Me and dh have basically decided, after 8 years of parenthood, that going out with the dcs for lunch isn't worth the money given the aggravation.

AlbertoFrog · 17/06/2012 14:23

Sorry OP - crosspost.

To be fair. DS (19 months) can be a bit whiney if we go out for a leisurely lunch and he gets bored so we either do one course lunches or don't go out.

I love eating out so I'm hoping he improves with age (or I learn to keep him amused better)

Still time for a family stroll and an afternoon snack.

MegBusset · 17/06/2012 14:28

In our house fathers' day (and mothers' day) does not = "one person dictating what we do for the whole day regardless of others' feelings". Or indeed "one person sleeping while the other does all the cooking/chores". We find something nice to do together because we actually enjoy spending time as a family. Often that includes eating out (since the DC were babies) as we all love food!

If one of us decided at the last-minute to cancel an outing without suggesting a better alternative, the other would quite rightly feel pissed off.

MegBusset · 17/06/2012 14:29

And yes if he was worried about the crying why not say "let's grab a sandwich at a cafe then go feed the ducks" or whatever.

JenaiMarrHePlaysGuitar · 17/06/2012 15:21

YANBU

He's being a miserabe git.

If it was earlier I'd suggest giving a single friend a call and going and doing something nice with them; let the stroppy fecker snooze on the sofa in front of Speed II.

mumeeee · 17/06/2012 15:23

YABU. It's his day and it's not very relaxing going out with a crying toddler. Your DD is 17 months she won't care where she eats lunch.
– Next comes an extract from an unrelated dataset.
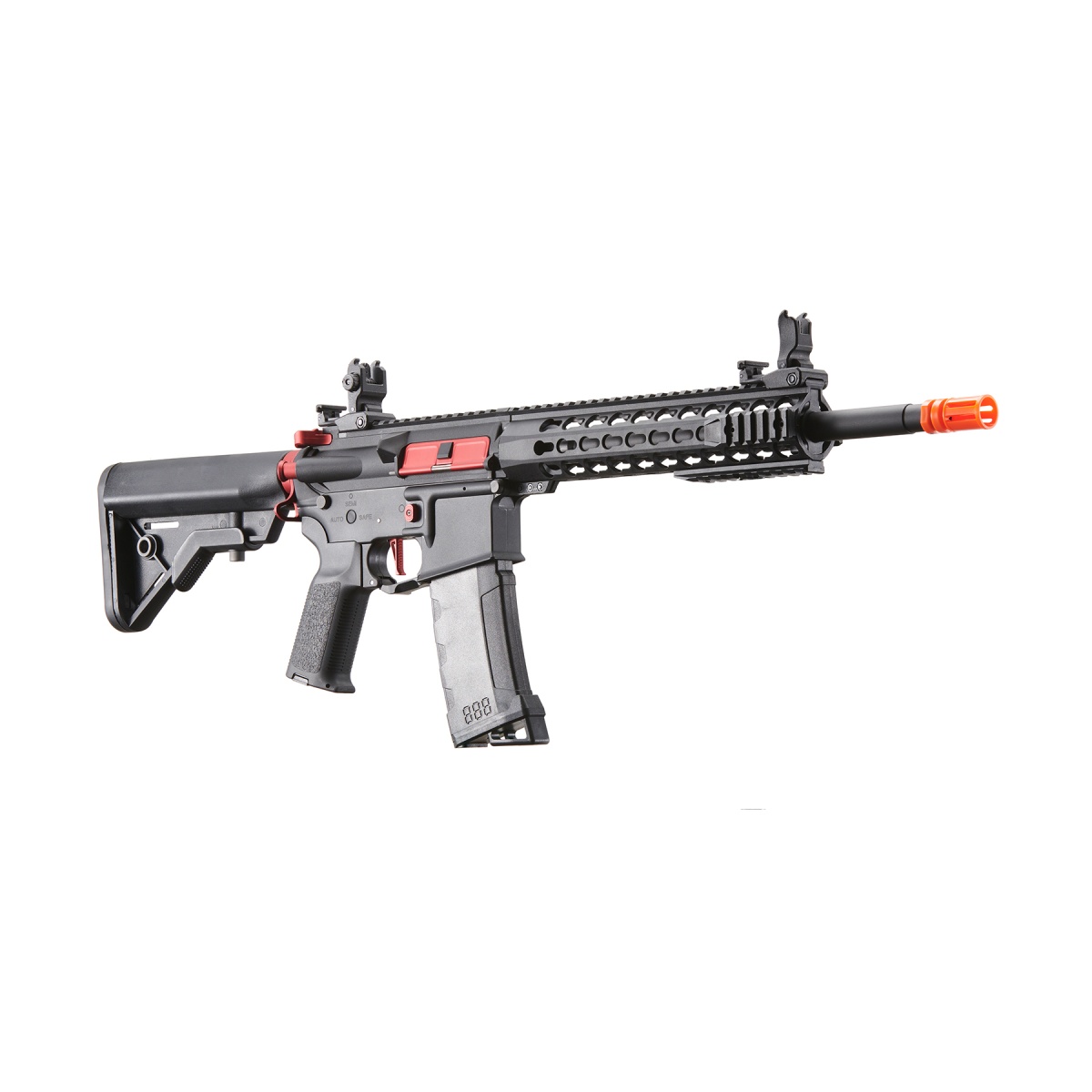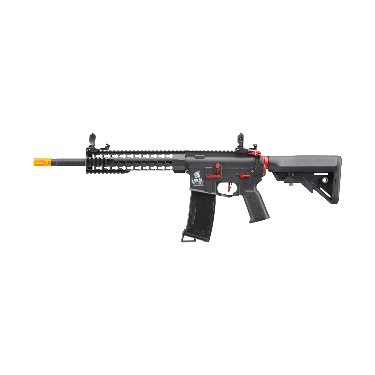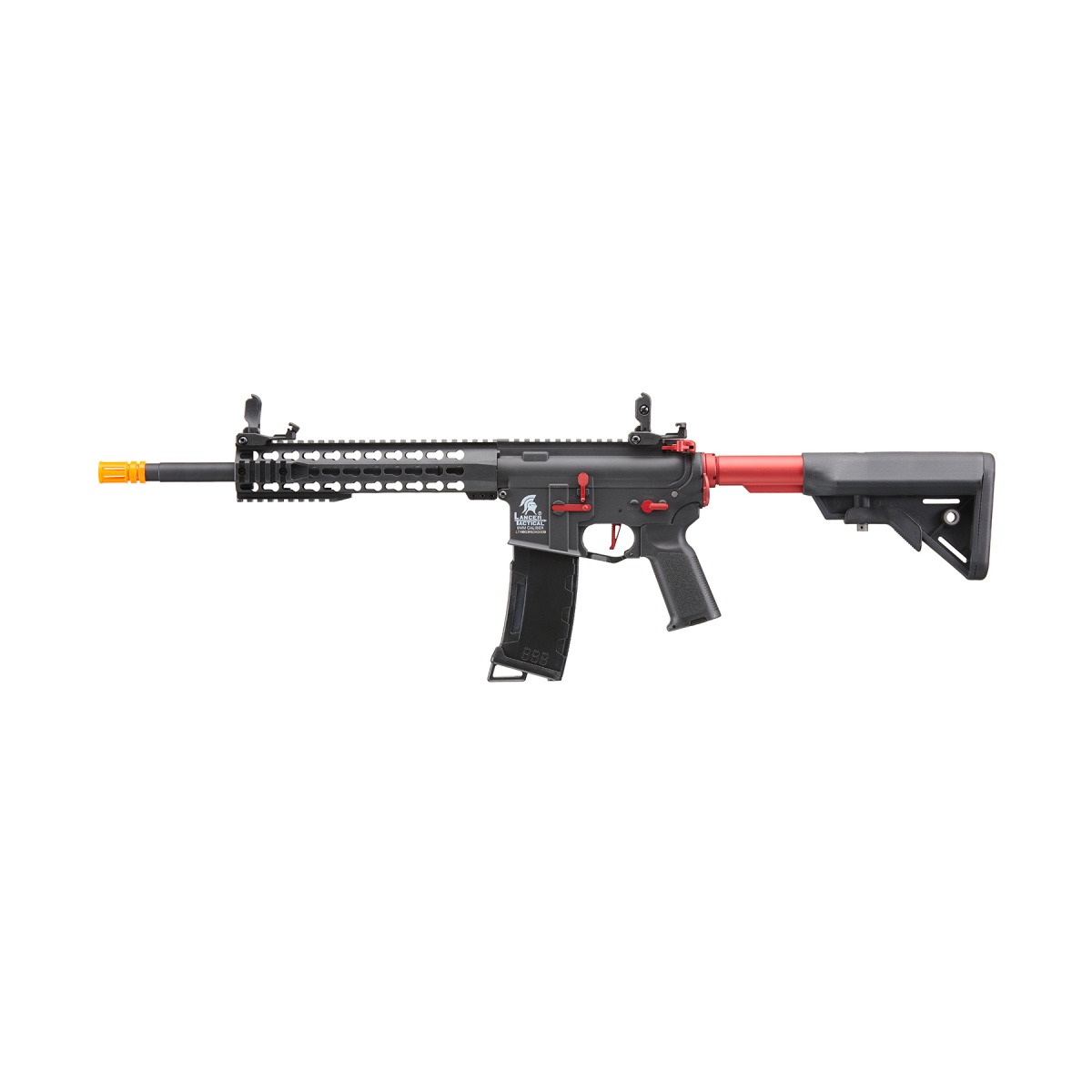 The Lancer Tactical Gen 3 10" Keymod Airsoft M4 Carbine AEG Rifle with red accents is a feature-packed rifle built to deliver performance, customization, and reliability for airsoft players of all levels. Constructed with a lightweight yet durable nylon polymer frame paired with a metal barrel assembly, this AEG balances strength with maneuverability for both indoor CQB and outdoor field play. Internally, it is equipped with a reinforced full metal Version 2 gearbox, 18:1 steel gear set, steel-tooth polycarbonate piston, bearing spring guide, and a 19,000 RPM high-torque motor, providing consistent and dependable power. Firing between 380-400 FPS with the included high FPS spring, or 330-350 FPS with the optional low FPS spring, the rifle gives players the flexibility to adapt to different field requirements. A 6.03mm polished tightbore inner barrel enhances both accuracy and range, while the rotary-style hop-up system allows for easy fine-tuning on the fly. Powered by an 11.1v LiPo battery via a Deans connector, the Gen 3 provides a strong rate of fire and efficiency for competitive skirmishes. The Gen 3 platform also introduces advanced electronics and modern external upgrades to maximize versatility. It features a built-in Zion Arms programmable electronic trigger unit, allowing players to customize their fire modes, including burst options, for faster and more responsive shooting. Externally, the 10-inch Keymod handguard with removable rail sections makes it easy to attach tactical accessories such as lights, lasers, and grips. A full-length 20mm top Picatinny rail provides space for optics or PEQ boxes, while upgraded flip-up front and rear sights add reliable backup aiming options. The retractable stock ensures comfort and adaptability in any battle scenario, and the ergonomic pistol grip with textured panels improves handling. Finished with factory-installed red accent parts for a unique, aggressive look, the Lancer Tactical Gen 3 10" Keymod M4 is an excellent choice for players seeking a modern AEG that combines durability, accuracy, and cutting-edge performance straight out of the box.
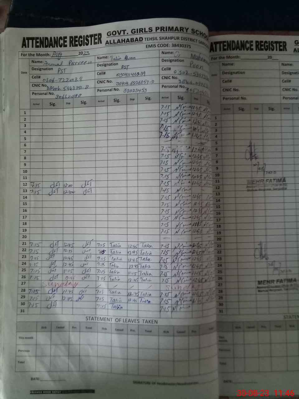 | Name: AK**** PA**** Designation: (School Headmaster's/Headmistress's) PST Phone/Cell Number: 03**** |

mumhaveuseenmy · 17/06/2012 15:35

i think as mums we enjoy mothers day so guess every dads got to have his leave him get on with it whilst doing whatever he wants it gives u peace sounds like its needed.

HeadfirstForHalos · 17/06/2012 22:05

If you get to do the same on Mothers day (napping whilst he does the chores) then you shouldn't moan at him, but if he doesn't get your toddler to jump on him next time Grin

joanofarchitrave · 17/06/2012 22:12

'as mums we enjoy mothers day'

well, sort of - I don't really enjoy it that much tbh, apart from not having to do the chores. Obviously he feels the same.

It's a brutal fact that a parent can be a good parent overall despite having been titanically useless during certain stages of their child's life. It's very hard on the other parent involved though.

If I were you, I would leave him a (nice) note, go and see either your own father or his father, perhaps have a little break at least for the length of a cup of tea while they make a fuss of dd, and head back home with fish and chips and a couple of beers to spend a nice evening after the kid's in bed.